This is very suboptimal AVX-512 memmove based on previous Nidud AVX-64 memmove. It was tested and works very well, but slowly as mentioned.
I have done it in UASM because there is currently a problem with ASMC with AVX-512 instructions.
.xmm
OPTION EVEX:1
option SWITCHSTYLE : ASMSTYLE
option win64 : 6
option casemap:none
.code
switchAVX512_64 proc
mov r10,rcx
.if r8 <= 128
.switch r8
.case 0
ret
.case 1
mov cl,[rdx]
mov [r10],cl
ret
.case 2,3,4
mov cx,[rdx]
mov dx,[rdx+r8-2]
mov [r10+r8-2],dx
mov [r10],cx
ret
.case 5,6,7,8
mov ecx,[rdx]
mov edx,[rdx+r8-4]
mov [r10+r8-4],edx
mov [r10],ecx
ret
.case 9,10,11,12,13,14,15,16
mov rcx,[rdx]
mov rdx,[rdx+r8-8]
mov [r10],rcx
mov [r10+r8-8],rdx
ret
.case 17,18,19,20,21,22,23,24,25,26,27,28,29,30,31,32
vmovdqu xmm0,[rdx]
vmovdqu xmm1,[rdx+r8-16]
vmovups [r10],xmm0
vmovups [r10+r8-16],xmm1
ret
.case 33,34,35,36,37,38,39,40,41,42,43,44,45,46,47,48,\
49,50,51,52,53,54,55,56,57,58,59,60,61,62,63,64
vmovdqu ymm0,[rdx]
vmovdqu ymm1,[rdx+r8-32]
vmovups [r10],ymm0
vmovups [r10+r8-32],ymm1
ret
.case 65,66,67,68,69,70,71,72,73,74,75,76,77,78,79,80,81,82,83,84,85,86,87,\
88,89,90,91,92,93,94,95,96,97,98,99,100,101,102,103,104,105,106,107,108,109,\
110,111,112,113,114,115,116,117,118,119,120,121,122,123,124,125,126,127,128
vmovdqu8 zmm0, [rdx]
vmovdqu8 zmm1,[rdx+r8-64]
vmovups [r10],zmm0
vmovups [r10+r8-64],zmm1
ret
.endswitch
.endif
vmovdqu8 zmm2,[rdx]
vmovdqu8 zmm3,[rdx+64]
vmovdqu8 zmm4,[rdx+r8-64]
vmovdqu8 zmm5,[rdx+r8-128]
.if r8 > 256
mov ecx,r10d
neg ecx
and ecx,128-1
add rdx,rcx
mov r9,r8
sub r9,rcx
add rcx,r10
and r9b,-128
.if rcx > rdx
.while 1
sub r9,128
vmovdqu8 zmm0,[rdx+r9]
vmovdqu8 zmm1,[rdx+r9+64]
vmovdqu8 [rcx+r9],zmm0
vmovdqu8 [rcx+r9+64],zmm1
.if ZERO?
.break
.endif
.endw
vmovdqu8 [r10],zmm2
vmovdqu8 [r10+64],zmm3
vmovdqu8 [r10+r8-64],zmm4
vmovdqu8 [r10+r8-128],zmm5
ret
;db 13 dup(0x90)
.endif
lea rcx,[rcx+r9]
lea rdx,[rdx+r9]
neg r9
.while 1
vmovdqu8 zmm0,[rdx+r9]
vmovdqu8 zmm1,[rdx+r9+64]
vmovdqu8 [rcx+r9],zmm0
vmovdqu8 [rcx+r9+64],zmm1
add r9,128
.if ZERO?
.break
.endif
.endw
.endif
vmovdqu8 [r10],zmm2
vmovdqu8 [r10+64],zmm3
vmovdqu8 [r10+r8-64],zmm4
vmovdqu8 [r10+r8-128],zmm5
ret
switchAVX512_64 endp
end
I attach the test program (no source code at this time). The program will run only the tests that are compatible with the computer. People without AVX will run 5 tests, people with AVX 7 tests and people with AVX- 512 8 tests.

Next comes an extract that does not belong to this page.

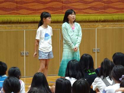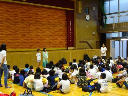 大雨の影響で予定していた到着時間よりもかなり遅くなり、子ども達もつかれた様子で帰ってきましたが、帰校式が始まると静かに話を聞いて最後までがんばろうとしている子ども達の姿が見られました。
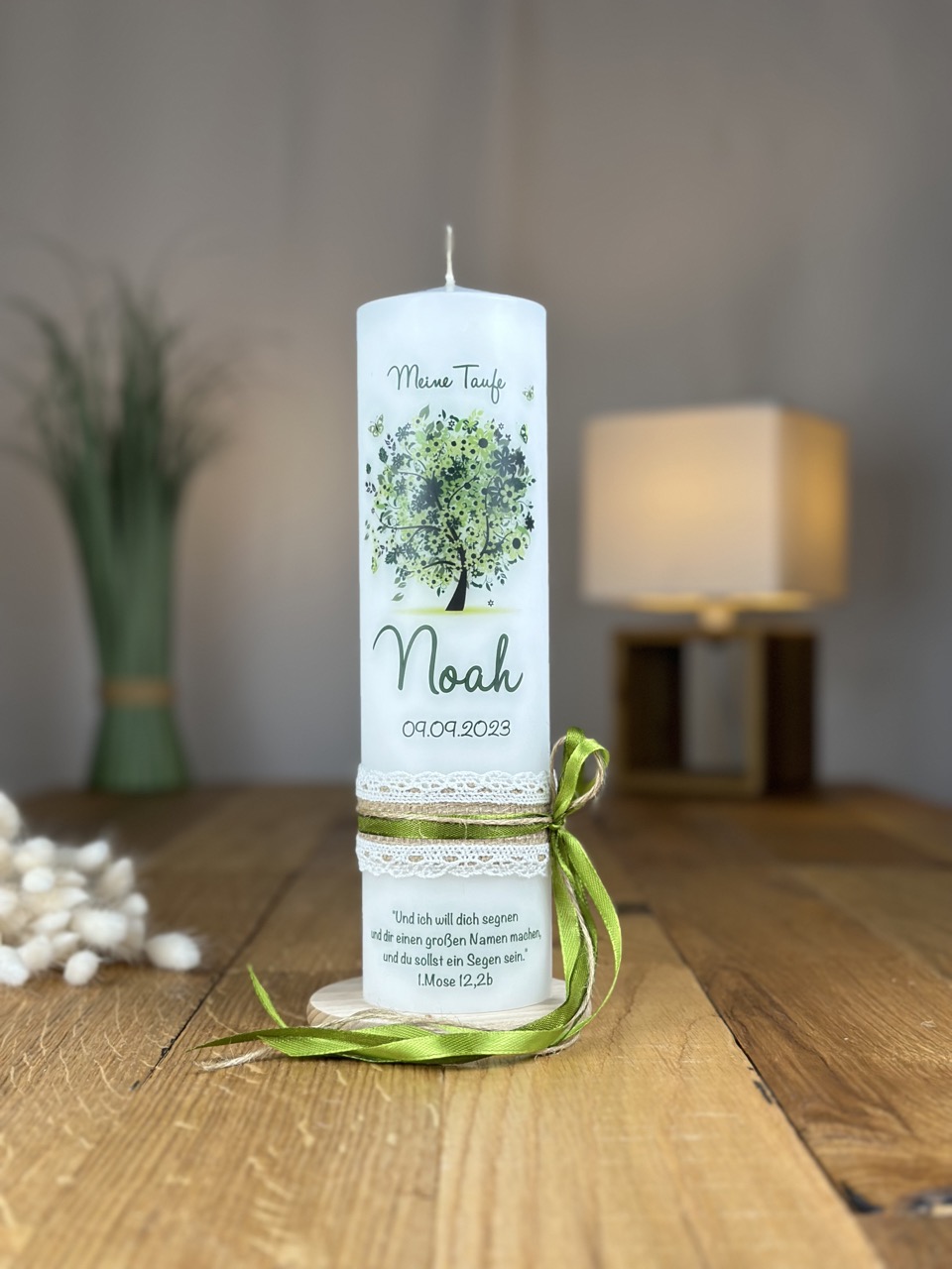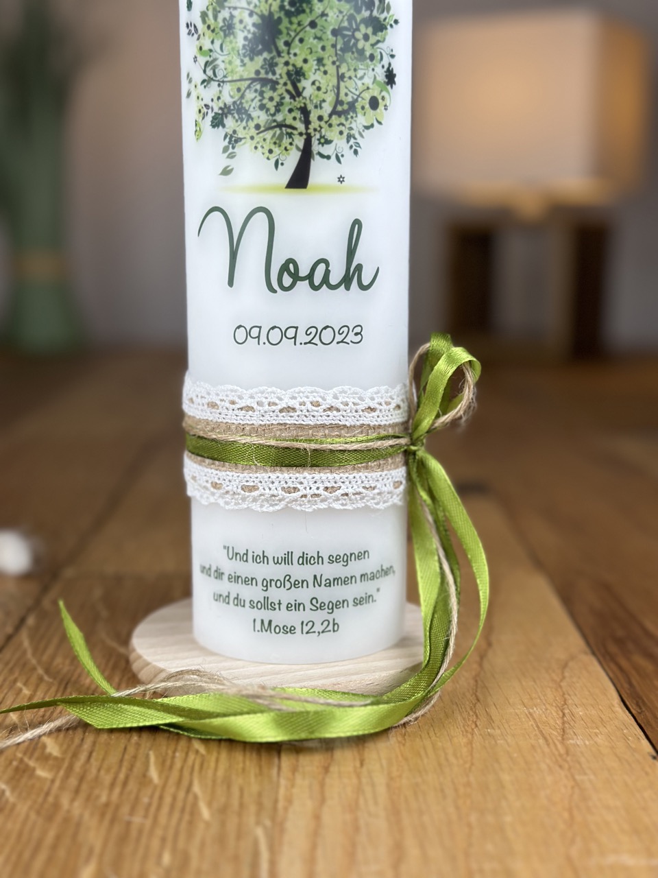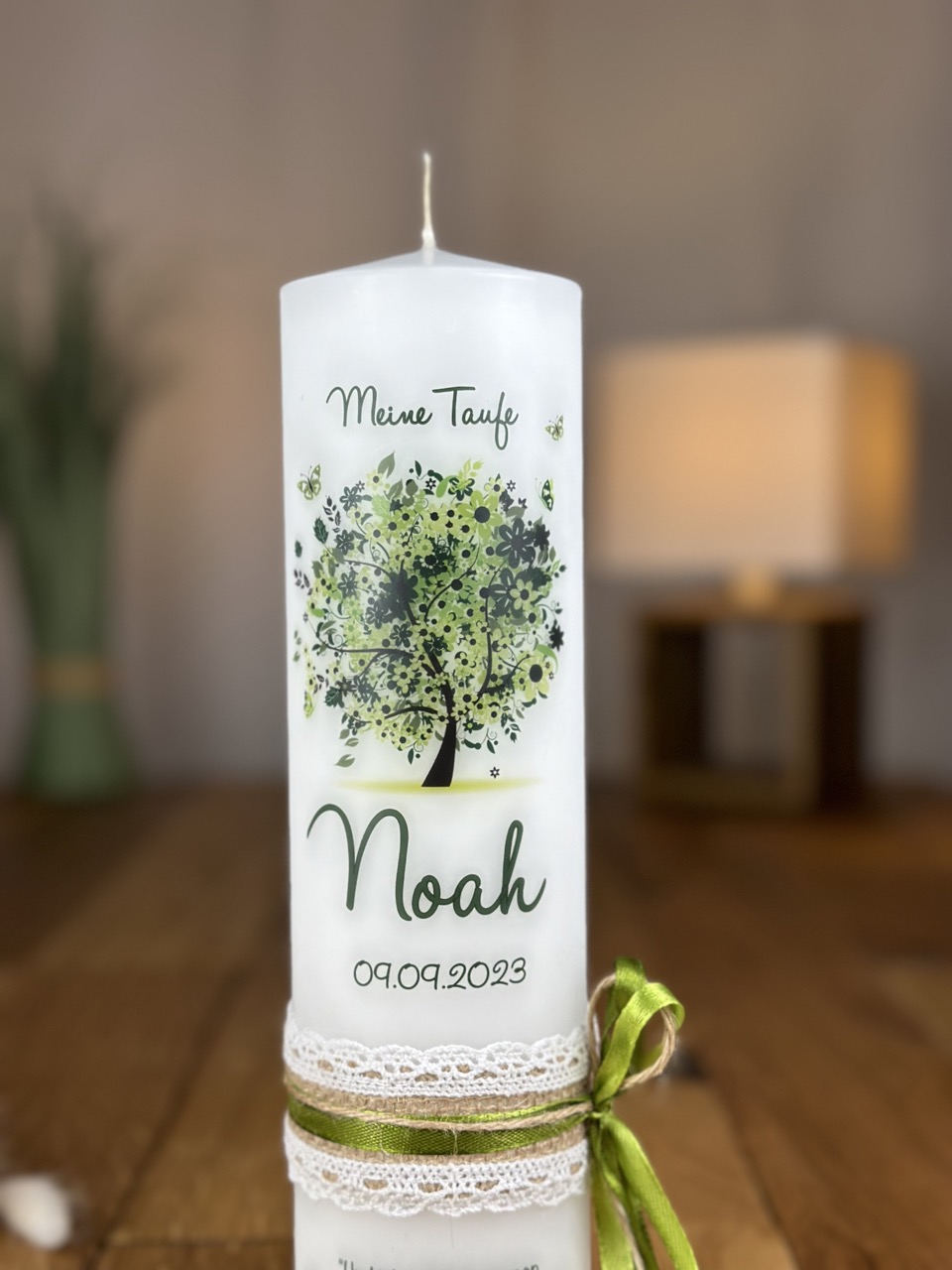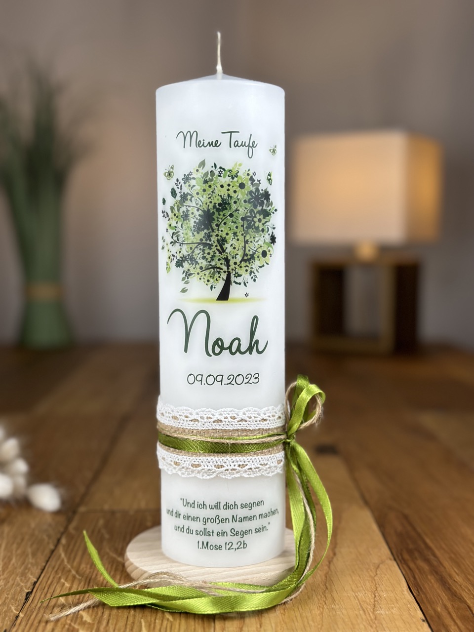 ist eine wunderschöne und einzigartige Kerze, die perfekt für die Taufe für Jungs als auch Mädchen geeignet ist. Mit ihrem zarten Grüntöne strahlt diese Kerze eine liebevolle und sanfte Atmosphäre aus.

There is a lot to say but only a few notes now:
- I added the rep movsb modified to support overlapping. This makes it not competitive against the others.
- The AVX memoves from nidud are normally faster.
- Agner Fog memove supports AVX and AVX-512 and has the advantage of falling back when the system has no AVX or above.
- memmove has a decent performance and does not use AVX, only SSE.
- This test also includes apex-memmove which claims to be the fastest memcpy/memmove on x86/x64 .. EVER, written in C.
https://www.codeproject.com/Articles/1110153/Apex-memmove-the-fastest-memcpy-memmove-on-x-x-EVEIt does not shine and is not up to its claims.
I attach also the results of the test performed on the Xeon with AVX-512. The times are slow due to the conditions under which the test was performed, so what is meaningful is how the various tests stake against one another.